Read data stored in formats with rich metadata, such as SPSS (.sav) files, and make them usable in a programmatic context.
read_spss: read an SPSS file and record metadata for reproducibility
read_rds: read an rds file and record metadata for reproducibility
read_surveys: programmatically read a list of surveys
pull_survey: pull a single survey from a survey list.

subsetting functions

subset_surveys: remove variables from surveys that cannot be harmonized.

variable name harmonization functions

harmonize_survey_variables: Create a list of surveys with harmonized variable names.

codebook functions

codebook_create: A not yet working function.

codelist functions

codelist_create: A not yet working function.

variable label harmonization functions

Create consistent coding and labelling.
harmonize_values: Harmonize the label list across surveys.
harmonize_survey_values: Create a list of surveys with harmonized value labels.
na_range_to_values: Make the na_range attributes, as imported from SPSS, consistent with the na_values attributes.
label_normalize removes special characters, whitespace, and other typical typing errors and helps the uniformization of labels and variable names.

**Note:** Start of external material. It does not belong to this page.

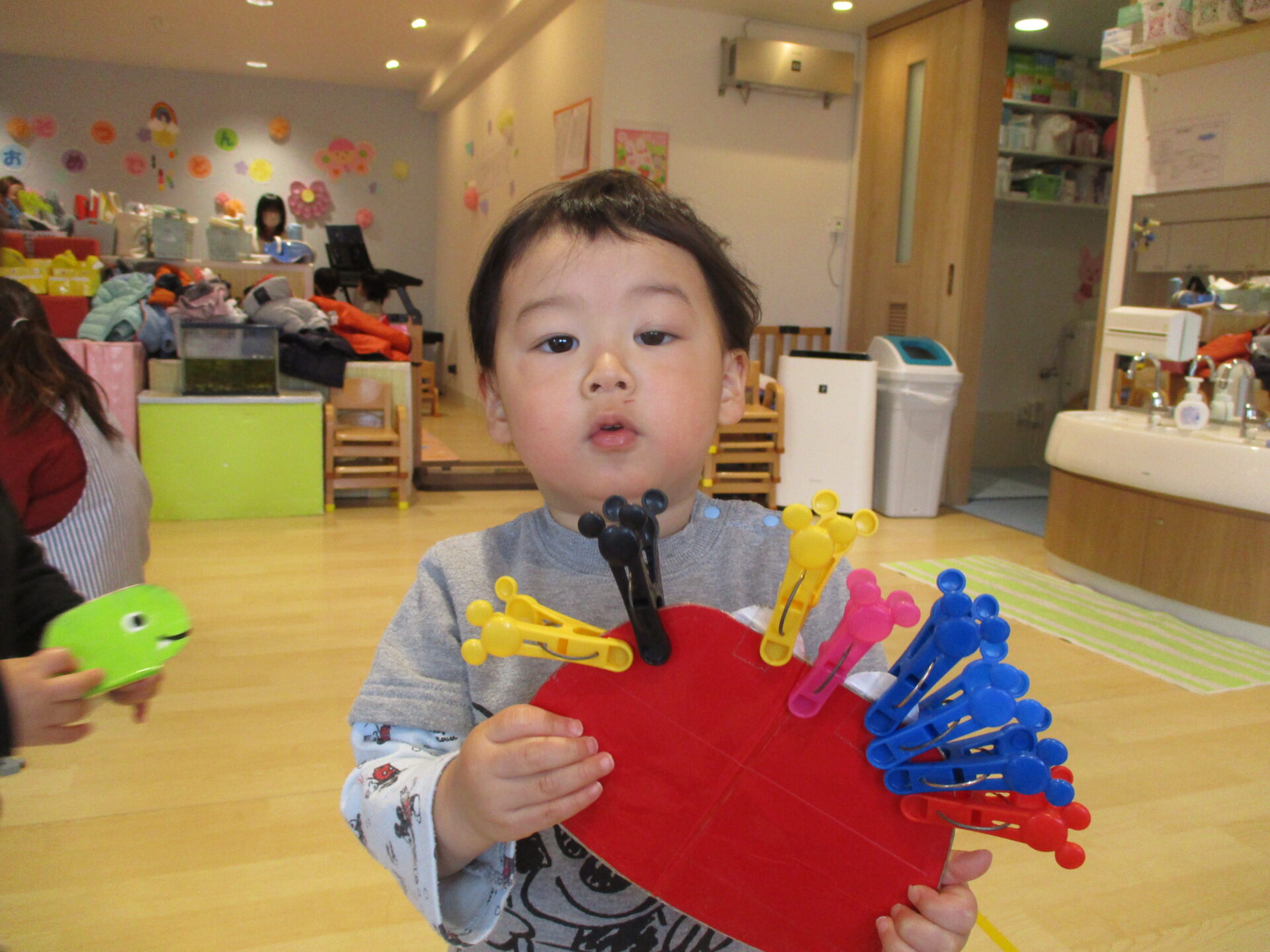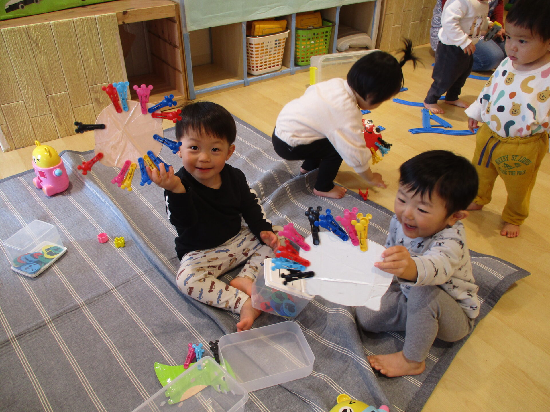 だいち組は、せんたくばさみでたくさん挟めるようになりました✨

survey harmonization functions

merge_surveys: Create a list of surveys with harmonized names and variable labels.
crosswalk_surveys: Create a list of surveys with harmonized variable names, harmonized value labels and harmonize R classes.
crosswalk: Create a joined data frame of surveys with harmonized variable names, harmonized value labels and harmonize R classes.

metadata functions

metadata_create: Createa metadata dataa from one or more survey.
metadata_survey_create: Create a joined metadata data frame from one survey.
create_codebook and codebook_waves_create crosswalk_table_create: Create an initial crosswalk table from a metadata data frame.

documentation functions

Make the workflow reproducible by recording the harmonization process. document_survey_item: Returns a list of the current and historic coding, labelling of the valid range and missing values or range, the history of the variable names and the history of the survey IDs. document_surveys: Document the key attributes surveys in a survey list.

type conversion functions

Consistently treat labels and SPSS-style user-defined missing values in the R language. survey helps constructing a valid survey data frame, and labelled_spss_survey helps creating a vector for a questionnaire item. as_numeric: convert to numeric values.
as_factor: convert to labels to factor levels.
as_character: convert to labels to characters.
as_labelled_spss_survey: convert labelled and labelled_spss vectors to labelled_spss_survey vectors.